EXERCISE DESCRIPTION:
Please take the records that follow and repeat exactly the lines starting with the line with "Por fim, o Brasil" and going on through the line with "বুধবার (৪ ফেব্রুয়ারি)".

MATERIAL FOR THIS EXERCISE:
^^^^

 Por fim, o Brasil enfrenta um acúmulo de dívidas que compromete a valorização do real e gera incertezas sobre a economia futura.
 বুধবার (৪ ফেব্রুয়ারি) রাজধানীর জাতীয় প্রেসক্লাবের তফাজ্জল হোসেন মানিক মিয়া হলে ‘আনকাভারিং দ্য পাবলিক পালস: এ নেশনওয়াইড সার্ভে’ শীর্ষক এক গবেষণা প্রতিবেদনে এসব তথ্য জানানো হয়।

^^^^

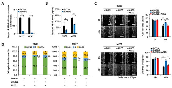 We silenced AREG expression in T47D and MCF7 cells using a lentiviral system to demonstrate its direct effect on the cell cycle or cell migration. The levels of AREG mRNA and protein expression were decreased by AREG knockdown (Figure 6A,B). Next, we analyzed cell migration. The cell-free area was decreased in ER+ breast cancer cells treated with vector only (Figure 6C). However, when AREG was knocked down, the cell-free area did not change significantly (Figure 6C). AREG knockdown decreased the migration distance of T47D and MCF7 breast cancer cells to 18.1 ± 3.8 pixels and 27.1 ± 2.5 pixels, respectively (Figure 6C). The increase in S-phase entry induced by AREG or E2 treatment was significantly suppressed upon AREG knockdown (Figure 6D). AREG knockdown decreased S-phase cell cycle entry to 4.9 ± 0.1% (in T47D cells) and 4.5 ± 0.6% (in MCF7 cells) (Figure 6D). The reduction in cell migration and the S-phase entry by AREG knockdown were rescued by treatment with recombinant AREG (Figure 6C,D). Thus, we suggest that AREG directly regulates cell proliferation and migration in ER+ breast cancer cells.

^^^^

OUTPUT OF THE EXERCISE:
 Por fim, o Brasil enfrenta um acúmulo de dívidas que compromete a valorização do real e gera incertezas sobre a economia futura.
 বুধবার (৪ ফেব্রুয়ারি) রাজধানীর জাতীয় প্রেসক্লাবের তফাজ্জল হোসেন মানিক মিয়া হলে ‘আনকাভারিং দ্য পাবলিক পালস: এ নেশনওয়াইড সার্ভে’ শীর্ষক এক গবেষণা প্রতিবেদনে এসব তথ্য জানানো হয়।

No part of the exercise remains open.